Rick Pollack, president and CEO of the American Hospital Association, said UnitedHealth Group’s announcement doesn’t change the impact of the “historic cyberattack on the U.S. health care system.”

“Nothing in the announcement materially changes the chronic cash flow implications and uncertainty that our nation’s hospitals and physicians are experiencing as a result,” Pollack said in a statement. “Even after Change Healthcare’s technology is restored, it will be weeks – if not months – before our hospitals and other health care providers will be made whole.”

Pollack said the hospital association will work with UnitedHealth Group and other payers for assistance, and is also pressing for more help from Congress and President Biden’s administration.

Earlier this week, the U.S. Department of Health & Human Services outlined steps to accelerate Medicare payments to hospitals, but the AHA and other healthcare groups called for more decisive action. The hospital association has called the cyberattack the most significant healthcare cyberattack in American history.

• Read more: Florida Hospital Association CEO describes ‘massive’ impact of Change Healthcare cyberattack

Jesse Ehrenfeld, president of the American Medical Association, says the Change Healthcare cyberattack has placed serious financial pressures on doctors.

Jesse M. Ehrenfeld, M.D., president of the American Medical Association, said UnitedHealth Group’s March 18 timeline “means significant financial disruption on physician practices will extend past 26 days before there is the possibility of establishing reliable network connections.”

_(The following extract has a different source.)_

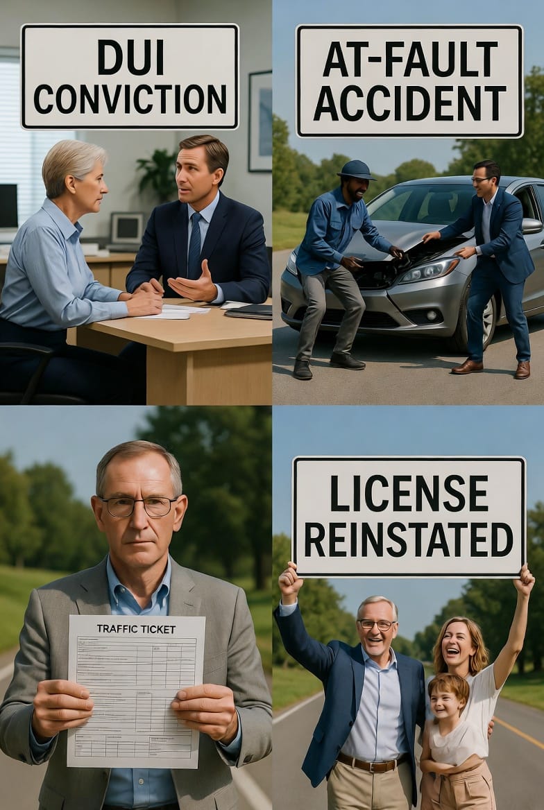 - Multiple traffic violations — Accumulating too many points through speeding tickets, reckless driving, or other infractions can result in license suspension and subsequent SR-22 needs.

“The prospect of a month or more without a restored Change Healthcare claims system emphasizes the critical need for economic assistance to physicians, including advancing funds to financially stressed medical practices,” Ehrenfeld said in a statement.

“While providing needed information on timelines and new financial measures is helpful, UnitedHealth Group has more work to do to address physician concerns,” Ehrenfeld added. “Full transparency and security assurances will be critical before connections are reestablished with the Change Healthcare network.”

The AMA also called on payers to advance funds to doctors to ensure the solvency of medical practices, noting that some haven’t been able to create workarounds to deal with the barriers to processing claims.

The Medical Group Management Association said it appreciates having clarity on the timeline for restoration. But Anders Gilbert, the MGMA’s senior vice president of government affairs, said medical groups, which have been hurt badly by the attack, need to see who events unfold.

“While MGMA is encouraged by UnitedHealth Group’s announcement with the timeline for restoring services and additional funding for those providers most impacted, as always, the devil is in the details and we’ll see how this plays out,” Gilbert said in a statement.

Gilbert also cited UnitedHealth Group’s temporary assistance fund for providers affected by the cyberattack. Some healthcare organizations panned the program, saying it was inadequate and included onerous restrictions.

“When the initial temporary funding program rolled out, many medical groups weren’t eligible or the offers they did receive were shockingly low,” Gilbert said in a statement. “As far as the restoration timeline, while Change Healthcare may make their electronic payment functionality available next week, do vendors feel safe enough to reconnect? Time will tell.”

• Read more: A look at the group behind the Change Healthcare cyberattack

The financial fallout of the cyberattack has traveled across the country. Kevin Holloran, senior director of Fitch Ratings, talked about the impact during a webinar Thursday on the financial outlook of nonprofit hospitals, including interruptions in cash flows.

Holloran also the attack is also spurring other responses from hospitals.

“I've already heard a whole lot of people saying, ‘Hey, we're redoubling our efforts on cybersecurity,’” Holloran said. “But this is a risk we've called about many, many times. You can harden your own house, but sometimes things are outside of your control with vendors.”